2. Behavioural and structural remedies
Behavioural and structural remedies are regarded as new tools to the existing toolkit of the Turkish Competition Authority (TCA). The TCA may impose behavioural and structural remedies if it finds a competition law infringement. Structural remedies will be implemented if behavioural remedies are not sufficient to tackle the competition law concerns; in any case, the remedies that will be imposed on undertakings must be proportionate and indispensable for the elimination of the competition law violation.
3. De minimis principle
Similar to the EU’s de minimis doctrine, the TCA may not initiate investigations regarding the agreements, concerted actions and undertaking associations that do not significantly restrict competition in the market based on criteria such as market share and turnover. As in EU practice, the Turkish de minimis exception excludes hard-core restrictions such as price-fixing or market sharing. Details regarding, e.g., market share and turnover thresholds will be included in a forthcoming TCA communiqué.
4. Commitment and settlement mechanisms
With the amendment, undertakings or associations of undertakings may now submit commitments to the TCA during a preliminary investigation or an investigative stage in order to eliminate concerns regarding competition law violations. If the commitments submitted by the undertaking are deemed to have sufficiently addressed the competition law concerns, the TCA may cease proceedings against the relevant undertaking. Similar to the de minimis exception, hard-core restrictions (e.g. price-fixing, market sharing) are excluded from the commitment mechanism.
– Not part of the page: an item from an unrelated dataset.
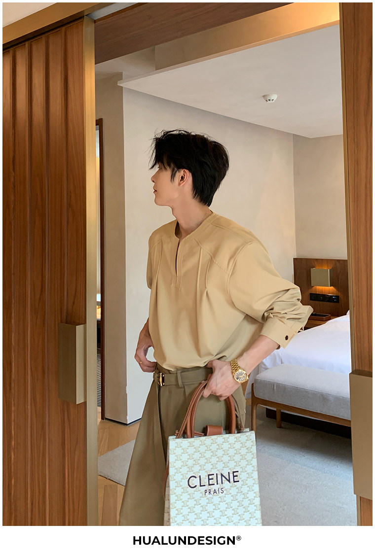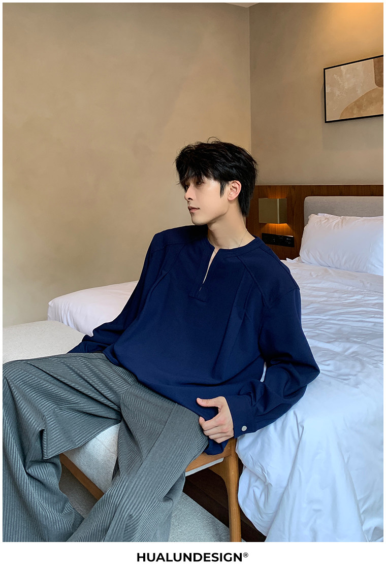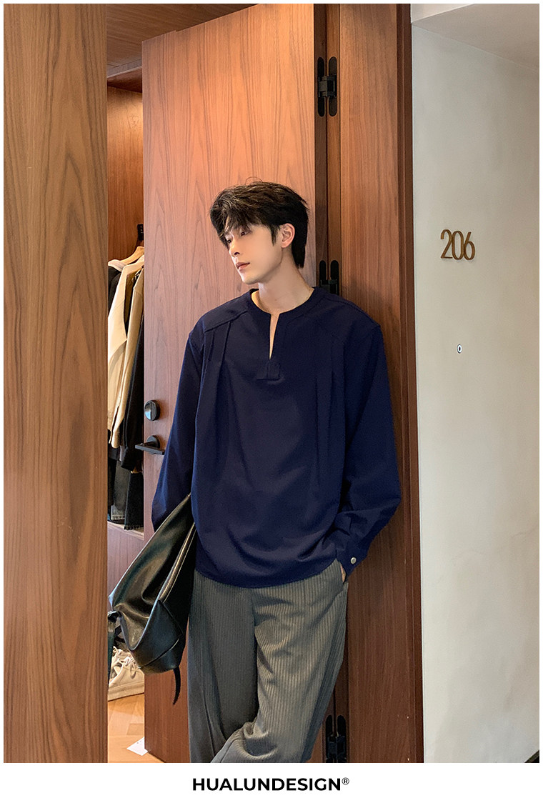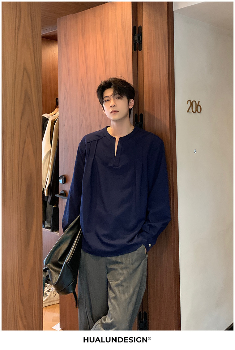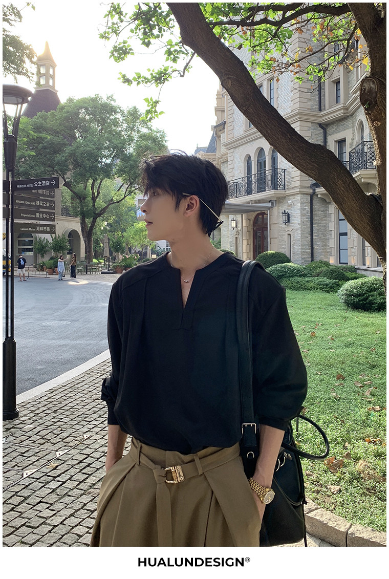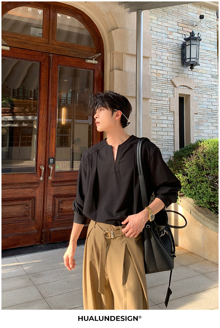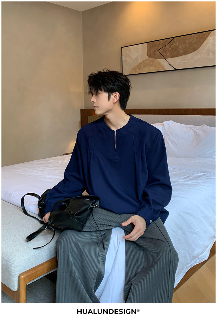 Hualun Autumn and Winter V Neck Loose Shirt for Men, Gray Inner Layering Shirt, Men's Cleanfit Long-Sleeved Shirt

The commitments process is a long-awaited and welcomed enhancement to Turkish law. The previous rules were inefficient and resulted in wasted resources, as the TCA had to go through all necessary procedural steps (Turkish competition investigations include three written and one oral defence) and undertakings were encouraged to defend “lost cases” to the end.
The settlement method is another new mechanism introduced to Turkish competition law. After the initiation of an investigation at the request of either the TCA or by one or more of the parties, a settlement procedure may begin. A party wishing to invoke the settlement procedure must submit a settlement letter to the TCA indicating that it has been participating in a competition law infringement. The introduction of the settlement method is aimed at shortening the process and finalising it quickly once an investigation has been initiated, as well as to decrease the public expenditure that may arise due to procedural costs.
The administrative monetary fines to be imposed will be decreased by 25% for undertakings that settle with the TCA. It has been stated that this 25% discount will not revoke the implementation of the 25% early-payment discount applied under Law No. 5326 on Misdemeanours. Thus, an undertaking that prefers to use the settlement procedure may be able to obtain a 50% discount on the administrative fine to be imposed by the TCA.
5. Digital inspection powers
Article 15 of Law 4054 regulates the TCA’s entitlement of examination. The first paragraph of this article has been amended to make it explicit that the TCA’s entitlement extends to the digital assets of undertakings under investigation. Previously the law did not explicitly state that the TCA had the right to access digital assets. Although it was generally agreed that the TCA had this authority, the legislation lacked clarity. The amended wording now clearly states that, ‘the Authority may examine the books, any data and documents kept in the physical and electronic media and information systems, [and] take copies and physical samples of them’.
This amendment strengthens the TCA’s investigative powers and can be interpreted as a response against the numerous decisions on hindering of on-site inspections that have been taken recently by the TCA due to problems in accessing the information systems of undertakings under investigation.